描述（由申请人提供）：电压门控L型Ca2+通道介导Ca2+信号，这对于心脏，内分泌和神经功能至关重要。尽管CAV1.2是大多数组织中L型通道的主要类别，但CAV1.3 L型通道在心脏节奏和神经元兴奋性中起主要作用。由于CA2+流入的小变化会深刻影响细胞兴奋性，因此调节CAV1.3通道的因素可以控制神经和心血管系统正常状态和患病状态之间的平衡。在筛选特异性调节CAV1.3的信号分子时，我们通过与含有称为PDZ-域的蛋白质的蛋白质相互作用发现了这些通道的新调节。 PDZ蛋白ERBIN与CAV1.3的11-亚基（111.3）的C末端结构域（CT）结合，并在一个被称为电压依赖性辅导（VDF）的过程中对去极化刺激的响应，从而大大增强了通道的开口。密切相关的蛋白质Densin-180也与111.3 CT相互作用，但不影响VDF。取而代之的是，densin-180抑制了Ca2+依赖性cav1.3的失活，而这种作用取决于钙调蛋白依赖性激酶II的功能募集。
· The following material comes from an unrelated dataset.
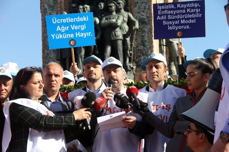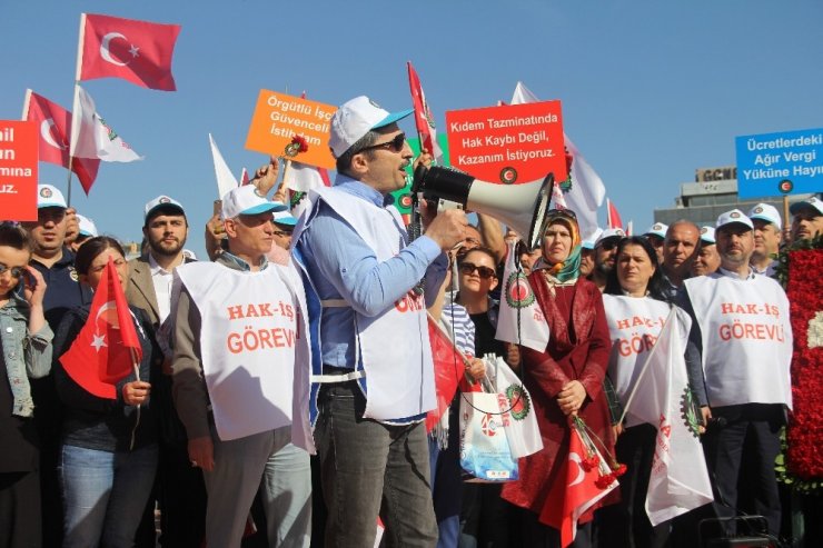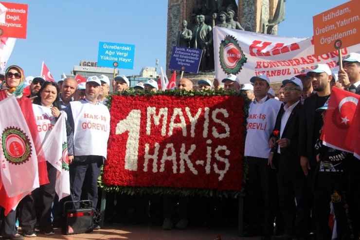 HAK-İŞ üyeleri, 1 Mayıs Emek ve Dayanışma Günü nedeniyle Taksim'deki Cumhuriyet Anıtı'na çelenk bıraktı. Sendika adına açılamada bulunan HAK-İŞ İstanbul İl Başkanı Mustafa Şişman, "Bugün tüm Türkiye'den sesleniyoruz. Bizler haklarımız için, özgürlüklerimiz için, demokrasi için, insanca bir hayat, adil bir dünya için alanlardayız" dedi.

基于这些发现，我们假设CAV1.3通道从根本上受到PDZ蛋白质相互作用的调节，这可能会使这些通道在不同细胞类型中的信号传导潜力多样化。该提案的目的是表征通过这种PDZ相互作用差异调节CAV1.3通道的分子机制，并使用分子生物学，免疫化学和电生理学来调节该调节的生理意义。拟议的研究将阐明将CAV1.3与其他L型通道区分开的结构/功能关系和调节机制，这将扩大我们对CAV1.3在调节心脏率，胰岛素分泌和神经适应心理刺激物中的生理作用的理解。这项研究的长期目标是获得对CAV1.3选择药物发展的分子见解，这可能为心律不齐，糖尿病和药物滥用提供新颖有效的治疗方法。公共卫生相关性：拟议的研究将调节电压门控CA2+通道。我们将阐明新的结构/功能关系和调节机制，在心血管和神经系统的患病状态中可能会改变。